MIRSK Voicebot

With MIRSK VoiceBot, self-service is enabled via a telephone dialogue. VoiceBot includes easy integration with any telephony system, and it includes an API for interacting with a text-based chatbot or NLP application. VoiceBot can be used to voice-activate an existing text chat bot,

or it can be used with a new NLP program or a text-based chatbot solution. Application examples range from an advanced IVR to assisting real-time call center agents or providing a full self-service platform.

Integrations

MIRSK VoiceBot can be integrated with telephone, chatbot or NLP application.

Telephony Integration

MIRSK VoiceBot includes a built-in SIP-based interface that enables easy integration with any SIP-based telephony exchange. The integration can be implemented as a SIP trunk or via a SIP extension. VoiceBot supports call forwarding, ie. The chatbot or NLP application can direct VoiceBot to forward calls to internal extensions or to external telephone numbers.

Chatbot or NLP application integration

The protocol used to interact with MIRSK VoiceBot is WebSocket and the data format is json. The Chatbot / NLP app sends text to VoiceBot, which converts the text to audio and sends it to the caller. The caller answer is recognized by VoiceBot and sent to the chatbot / NLP app.

The chatbot / NLP app can control which language model or grammar VoiceBot is used for each interaction.

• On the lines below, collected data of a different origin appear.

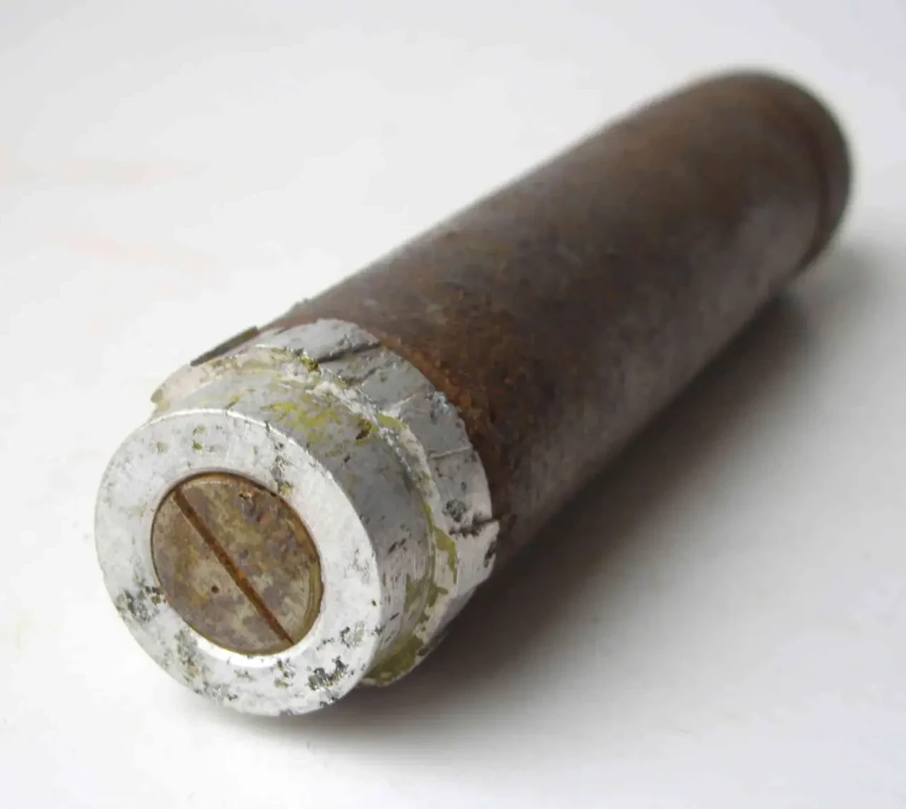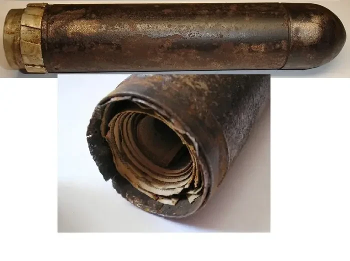 Открытый корпус 30-мм агитационной гранаты с листовками внутри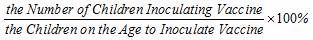refers to the ratio of the number of children inoculating vaccine in accordance with the degree of immunity to the children on the age to inoculate vaccine. The children on the age to inoculate vaccine include the children avoiding inoculating vaccine and living in some other places for 3 and more than 3 months, but exclude the children on age going out for 3 months. The following formula is used: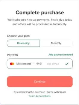 付款页面选择Spotii进行“后付”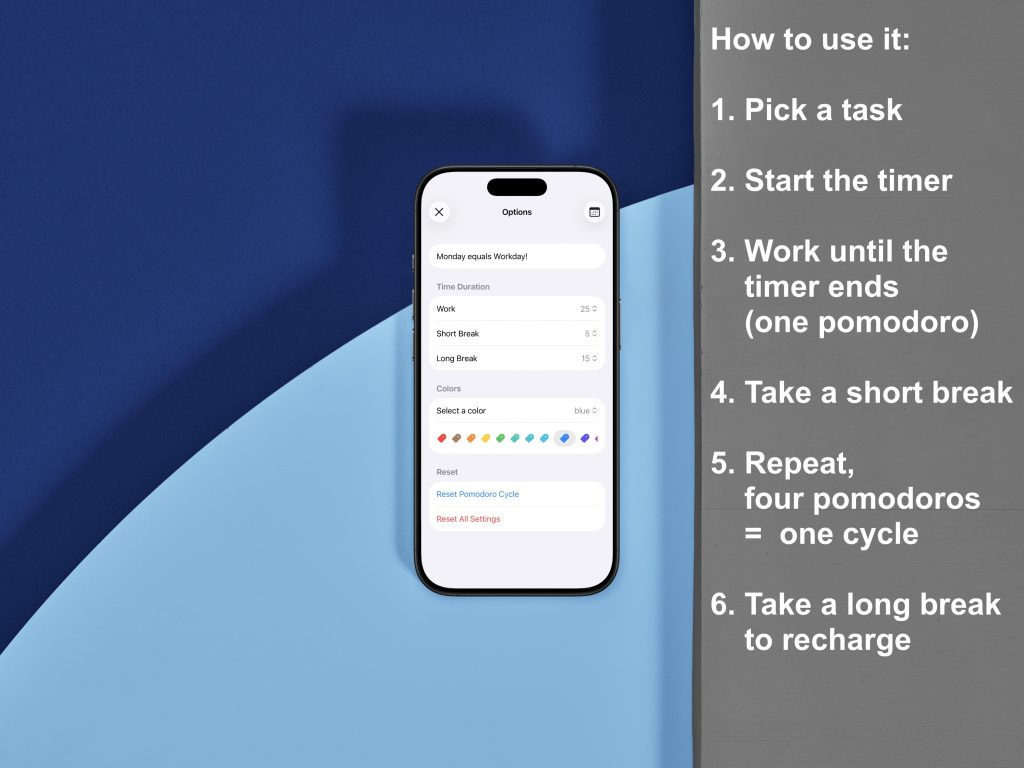 - Customizable to You – Adjust work/break lengths, pick colors that inspire you, and name each session (e.g., “Feature X” or “Research”) for instant context.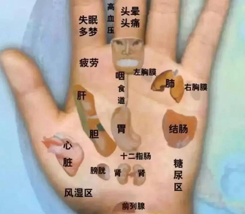 看小拇指 测泌尿生殖功能 小拇指对应经络是心、小肠经,对应器官是肾脏、循环系统。小拇指苍白细弱,易得吸收不良或排便不畅等肠道疾病;手指短小,提示肾气不足,易得头晕、耳鸣、腰腿酸痛等病;手指短小或过度弯曲,提示有性功能、生育功能方面的障碍。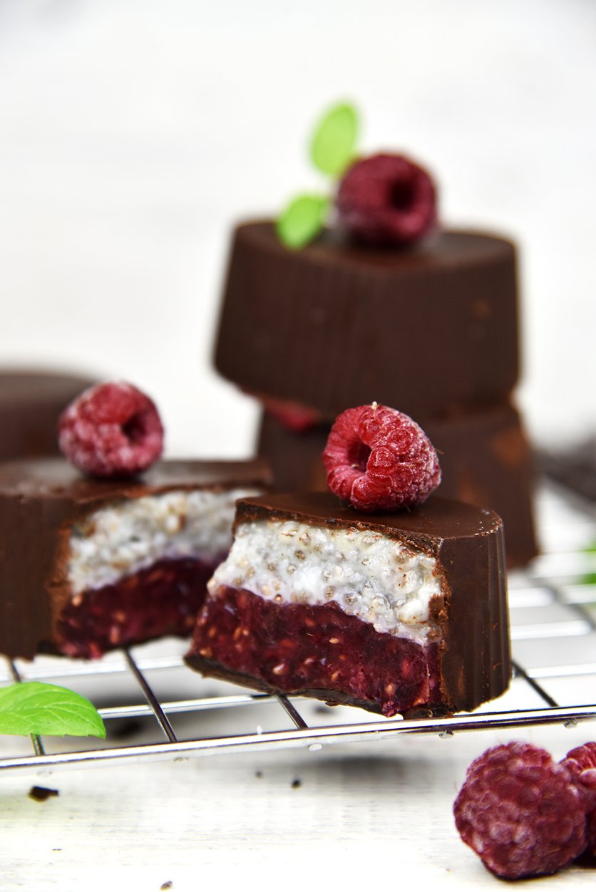 Fit czekoladka ptasie mleczko z chia i malinami

MIRSK Voicebot contains the following components:

Functionality

1

SIP connecter

The SIP connector is in fact a full-blown telephone exchange system. For this reason, it is very simple to integrate with any SIP based (which in fact means all) telephony systems. In its simplest form, it can register as an extension to the customer telephony system, or it can connect as a SIP trunk, which will often be the best way for scaling purposes.
2

The central process

The central process (also called the Orchestrator) handles the interactions between the components, receives traffic from both internal and external interfaces, and directs the traffic to the intended destinations.
3

STT component

The Speech To Text (STT) component is responsible for speech recognition. The speech recognizer typically uses specialized language models (aka grammars), which can be a simple list of the keywords or phrases that are required to be recognized, or it can be a more complex set of rules, such as a date grammar that will always interpret a spoken date in a uniform format that is easy to understand for the text chatbot or NLP application.
4

TTS component

The Text to Speech (TTS) component is responsible for converting text output from the chatbot or NLP application into audio that can be listened to by the VoiceBotten user. The TTS component is typically an external service such as Google Clouds Text To Speech or Amazon Polly.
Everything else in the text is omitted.